Not only ping could make it work, other commands like curl/wget could also make it work, just need to reach the cluster node from the failing pod, after that, the TCP connection from cluster node to the pod will become correct.

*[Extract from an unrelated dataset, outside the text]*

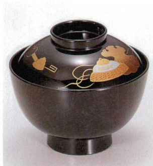
10-210-5 W-1-35 TA 新越前椀 黒七宝 ¥2,800 (11.1φ×9.7) 楕100 290cc

The failing pods change time to time, it could happen to any pod, since there are 100 pods up running on the node, not sure if it triggers certain system limitation, however all others work correctly, we don't see huge CPU utilization, and there still be few GB memory left on the node.
Does anyone know what the issue could be?